[Given entries — start]

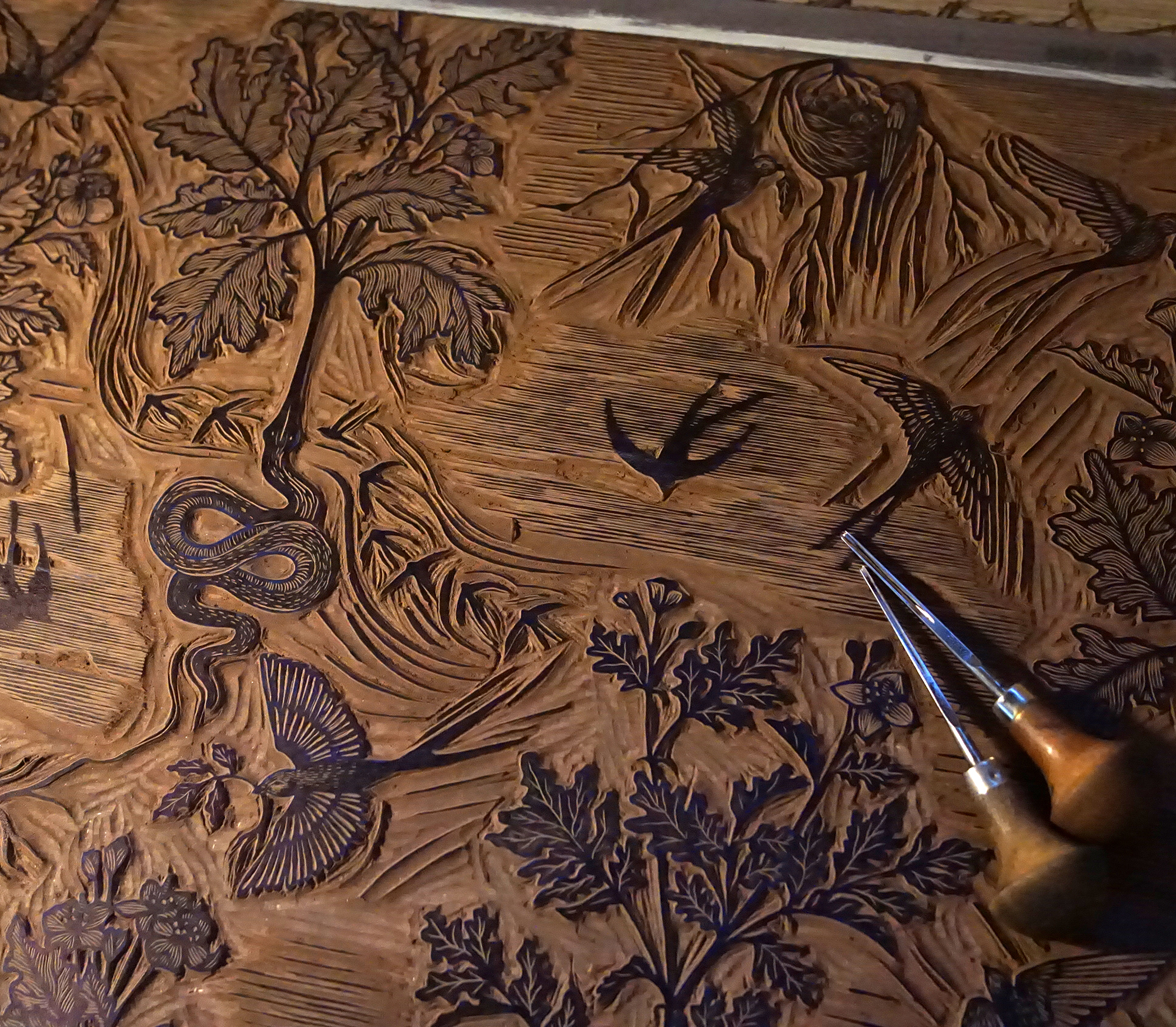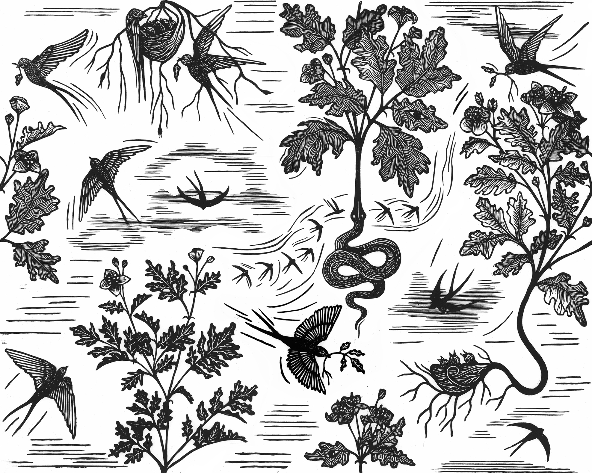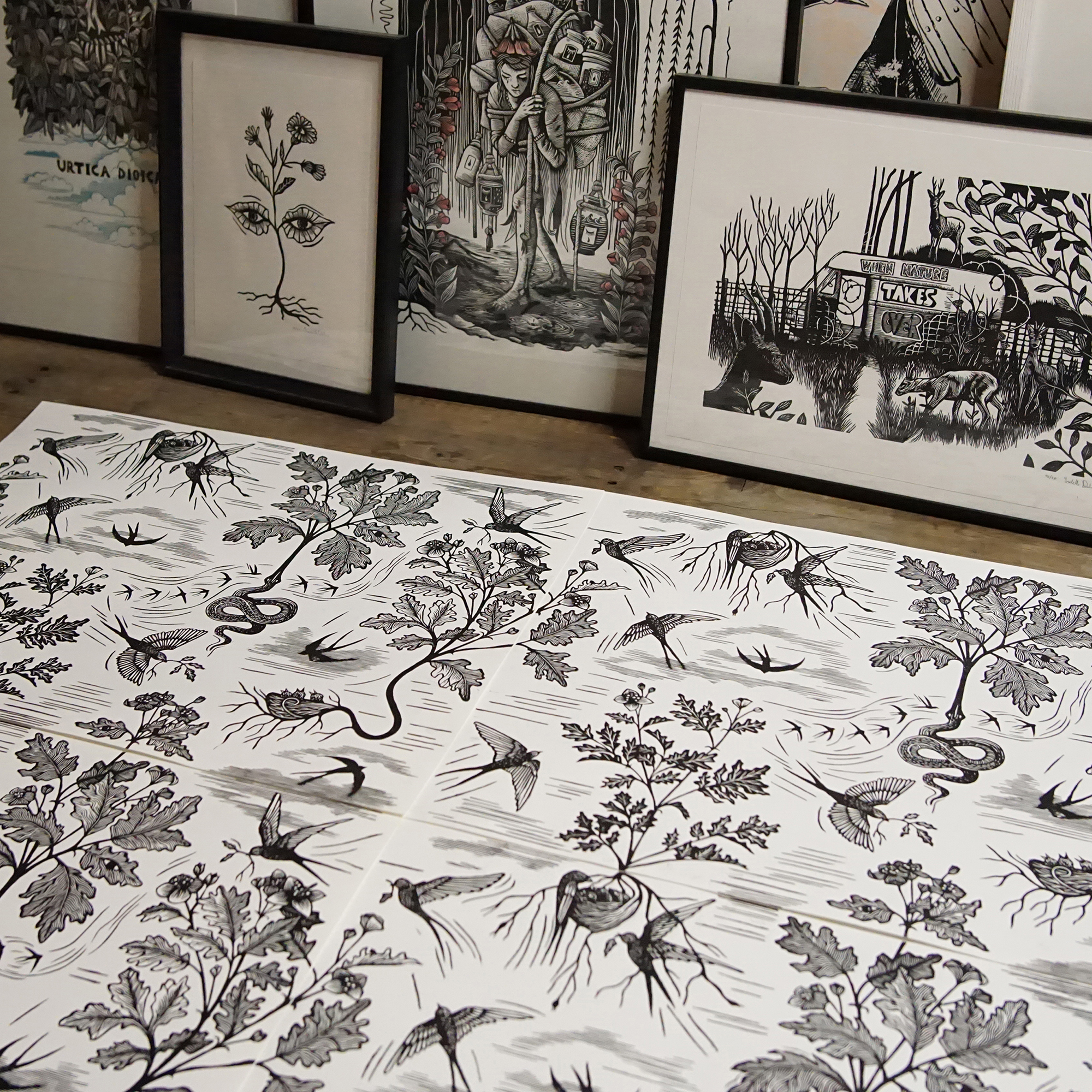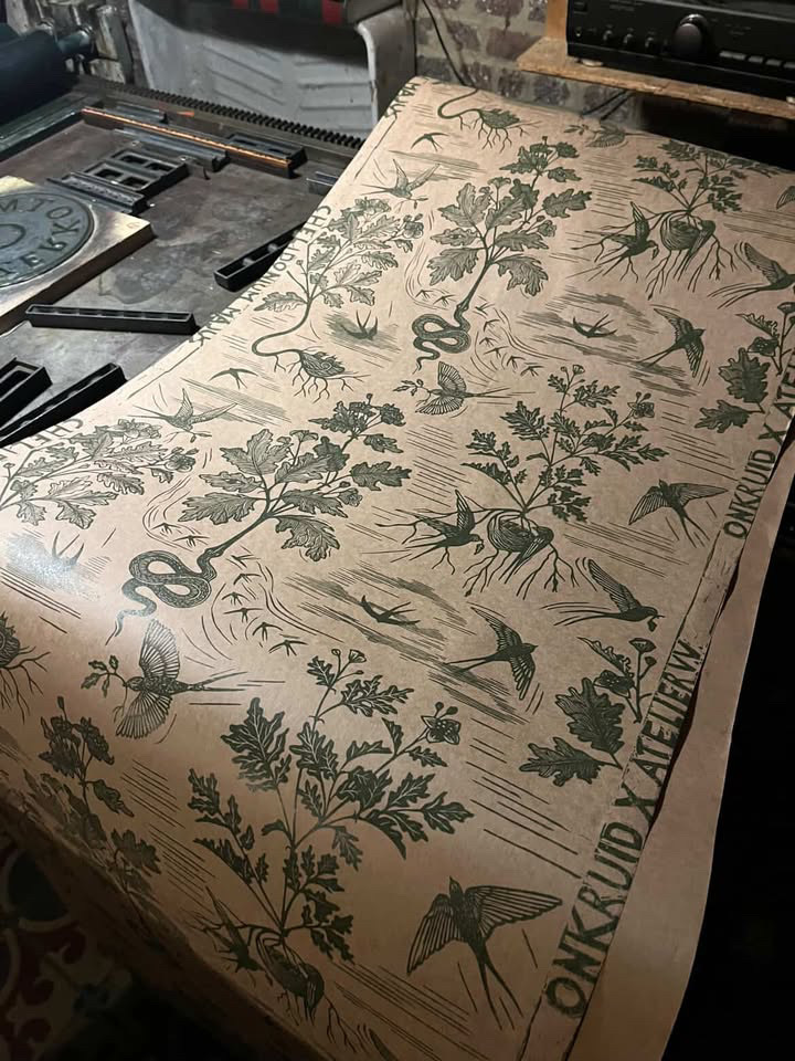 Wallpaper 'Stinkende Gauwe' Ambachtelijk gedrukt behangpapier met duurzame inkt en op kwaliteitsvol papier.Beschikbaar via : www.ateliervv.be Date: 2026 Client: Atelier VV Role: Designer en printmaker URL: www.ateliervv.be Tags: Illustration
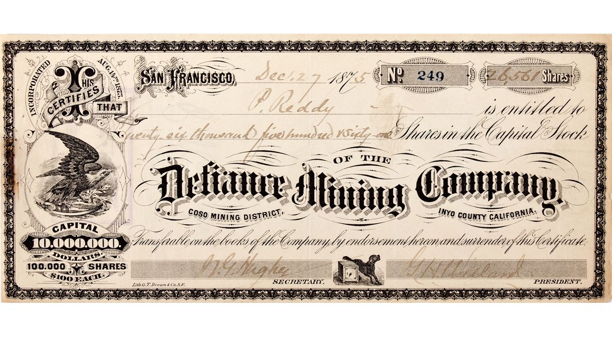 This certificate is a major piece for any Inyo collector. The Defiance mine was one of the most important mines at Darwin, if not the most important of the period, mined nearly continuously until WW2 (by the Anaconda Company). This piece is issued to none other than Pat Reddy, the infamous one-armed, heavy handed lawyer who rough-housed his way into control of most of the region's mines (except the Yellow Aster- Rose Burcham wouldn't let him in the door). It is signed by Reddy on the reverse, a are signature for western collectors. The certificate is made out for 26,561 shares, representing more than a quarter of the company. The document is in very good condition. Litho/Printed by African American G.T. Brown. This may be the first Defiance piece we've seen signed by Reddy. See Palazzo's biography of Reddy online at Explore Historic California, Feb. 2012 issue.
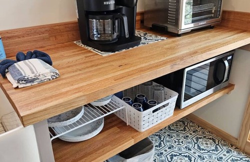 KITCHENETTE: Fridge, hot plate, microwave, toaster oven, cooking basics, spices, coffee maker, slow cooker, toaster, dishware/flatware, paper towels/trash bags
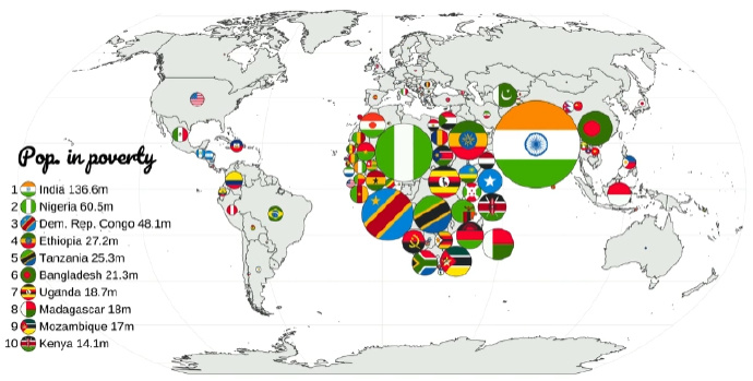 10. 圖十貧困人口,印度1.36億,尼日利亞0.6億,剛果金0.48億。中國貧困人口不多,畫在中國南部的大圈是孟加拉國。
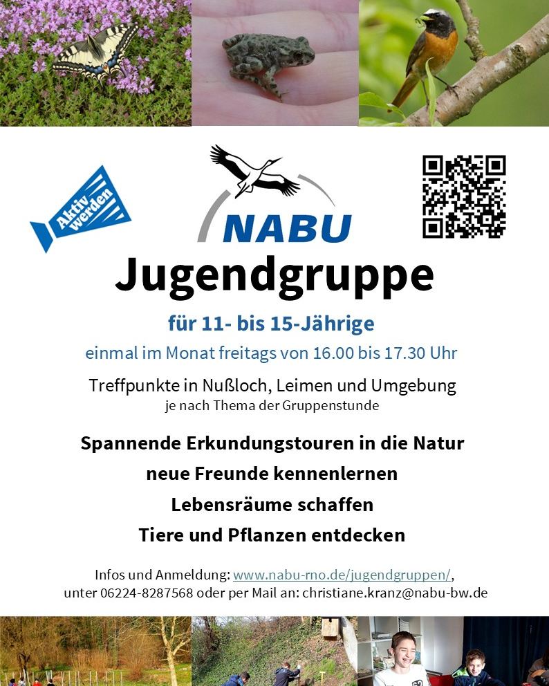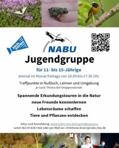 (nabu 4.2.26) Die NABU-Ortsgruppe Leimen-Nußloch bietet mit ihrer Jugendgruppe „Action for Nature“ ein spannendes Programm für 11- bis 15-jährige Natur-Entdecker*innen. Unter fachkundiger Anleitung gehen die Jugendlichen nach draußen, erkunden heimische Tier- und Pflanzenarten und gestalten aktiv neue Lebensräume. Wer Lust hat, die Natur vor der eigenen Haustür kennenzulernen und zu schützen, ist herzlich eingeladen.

[Given entries — finish]

◆ What the task requires
Your answer should contain all the material above, written out exactly, and none of the pictures.

◆ Task answer
 Wallpaper 'Stinkende Gauwe' Ambachtelijk gedrukt behangpapier met duurzame inkt en op kwaliteitsvol papier.Beschikbaar via : www.ateliervv.be Date: 2026 Client: Atelier VV Role: Designer en printmaker URL: www.ateliervv.be Tags: Illustration
 This certificate is a major piece for any Inyo collector. The Defiance mine was one of the most important mines at Darwin, if not the most important of the period, mined nearly continuously until WW2 (by the Anaconda Company). This piece is issued to none other than Pat Reddy, the infamous one-armed, heavy handed lawyer who rough-housed his way into control of most of the region's mines (except the Yellow Aster- Rose Burcham wouldn't let him in the door). It is signed by Reddy on the reverse, a are signature for western collectors. The certificate is made out for 26,561 shares, representing more than a quarter of the company. The document is in very good condition. Litho/Printed by African American G.T. Brown. This may be the first Defiance piece we've seen signed by Reddy. See Palazzo's biography of Reddy online at Explore Historic California, Feb. 2012 issue.
 KITCHENETTE: Fridge, hot plate, microwave, toaster oven, cooking basics, spices, coffee maker, slow cooker, toaster, dishware/flatware, paper towels/trash bags
 10. 圖十貧困人口,印度1.36億,尼日利亞0.6億,剛果金0.48億。中國貧困人口不多,畫在中國南部的大圈是孟加拉國。
 (nabu 4.2.26) Die NABU-Ortsgruppe Leimen-Nußloch bietet mit ihrer Jugendgruppe „Action for Nature“ ein spannendes Programm für 11- bis 15-jährige Natur-Entdecker*innen. Unter fachkundiger Anleitung gehen die Jugendlichen nach draußen, erkunden heimische Tier- und Pflanzenarten und gestalten aktiv neue Lebensräume. Wer Lust hat, die Natur vor der eigenen Haustür kennenzulernen und zu schützen, ist herzlich eingeladen.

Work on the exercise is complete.